Turkey election: Ruling AKP regains majority

  • Published
Media caption,

Supporters of AKP took to the streets in Ankara as Gavin Hewitt reports

Turkey's ruling Justice and Development Party (AKP) has won a critical parliamentary election, regaining the majority it lost in June.

With almost all ballots counted, the state-run Anadolu news agency said the AKP had won 49.4% of the vote, with the main opposition CHP on 25.4%.

President Recep Tayyip Erdogan said voters had "shown that they prefer action and development to controversy".

The pro-Kurdish HDP crossed the 10% threshold needed to claim seats.

The nationalist MHP will also take seats in Ankara.

In a statement, President Erdogan said the electorate had "given proof of their strong desire for the unity and integrity" of Turkey.

Early on Monday, he called on the world to respect Turkey's national will.

Erdogan: Turkey's bruised battler

Lira strengthens after result

Turkey election: As it happened

Mr Erdogan called the vote after the AKP lost its parliamentary majority for the first time in 13 years in June and attempts to form a coalition government failed.
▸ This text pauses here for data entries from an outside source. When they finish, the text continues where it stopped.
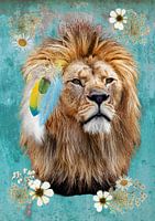 Een hele stoere leeuwenkop met veren en witte bloemen rondom, een beetje een hippie leeuw.
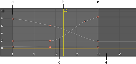 (a) Start of current shot (b) Positioner (c) End of current shot (d) Animation curve (e) Trimmed frames
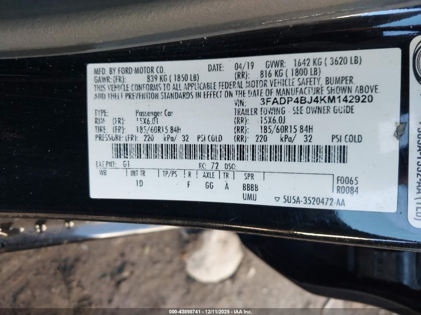 Цвет ЧерныйЦилиндры 4Привод Передний приводVIN 3FADP4BJ4KM142920Состояние Заводится и едет (проверено)Повреждения Обычный износ
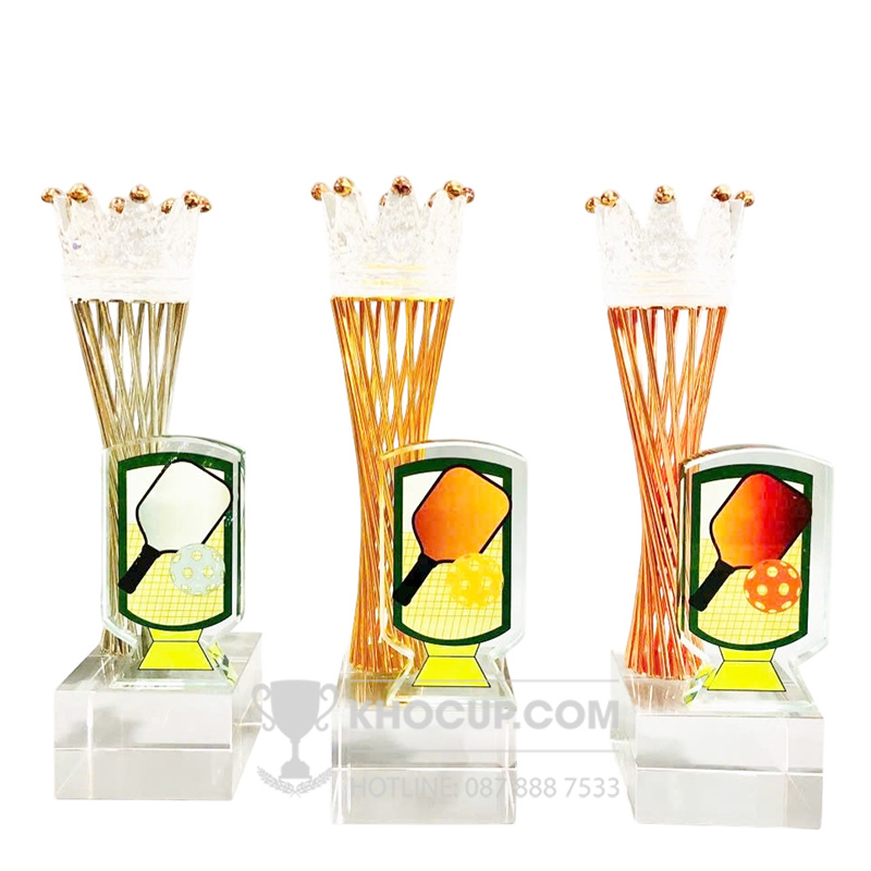 – Cúp Pickleball vương miệng thân kim loại – Chất liệu: Pha lê – Màu sắc: vàng,bạc,đồng

Speaking from the balcony of the AKP headquarters in the capital, Prime Minister Ahmet Davutoglu welcomed the new result, saying: "You saw the dirty games played in our country, and you have changed the game".

Turkey initial election results

316

seats in parliament for Justice and Development Party (AKP)

  • 134 for Republican People's Party (CHP)

  • 59 for People's Democratic Party (HDP)

  • 41 for Nationalist Movement Party (MHP)

With almost all of the results counted, the AKP had won substantially more than the 276 seats needed in order to form a government alone.

However, it fell 14 seats short of the number needed to call a referendum on changing the constitution and increasing the powers of the president, AKP founder Recep Tayyip Erdogan.

With 60 more seats, the government would have been able to bring in those changes without a referendum.

The AKP's opponents had said the vote was a chance to curb what it sees as the increasingly authoritarian tendencies of Mr Erdogan.

Analysis: Mark Lowen, BBC News, Ankara

Image source, Getty Images

After its shock landslide victory, the AK Party today begins the process of forming a new government, regaining the majority it lost in the election in June.

It almost equalled its best ever result, swaying voters with its message of stability after weeks of violence with the PKK Kurdish rebels.

There is now the hope that the two sides may be spurred to return to peace talks.

The Turkish currency, the lira, has rallied after a shaky few months, but an economic crisis could still loom.

There are also fears that the political polarisation stoked by President Erdogan could deepen and a clampdown on free speech worsen as the AK Party feels emboldened.

Anxiety overshadows campaign

Since elections in June, a ceasefire between the Turkish army and militants from the Kurdistan Workers Party (PKK) has collapsed after a suicide bombing in July by suspected Islamic State (IS) militants.

The attack near the border with Syria killed more than 30 Kurds.

Turkey then suffered its deadliest attack in its modern history when more than 100 people were killed after a peace rally in Ankara attended by mainly left-wing demonstrators, including many HDP supporters, was targeted by two suicide bombers.

The government said they were linked to IS.

Media caption,

There were violent protests in the mainly Kurdish city of Diyarbakir after the result

Critics have accused Mr Erdogan of renewing violence to curb support for the HDP - something the government denies.

One senior official from the HDP told Reuters news agency the partial results were "disappointing".

The HDP won 10.7% of the vote - enough to give it 59 parliamentary seats, 21 fewer than it claimed in June's election.

The party cancelled rallies following the Ankara attack, and its co-chairman Selahettin Demirtas said on Sunday that it had not been "a fair or equal election".

Clashes were reported in the mainly Kurdish city of Diyarbakir as the results were being counted. Reuters said police had fired tear gas at protesters throwing stones.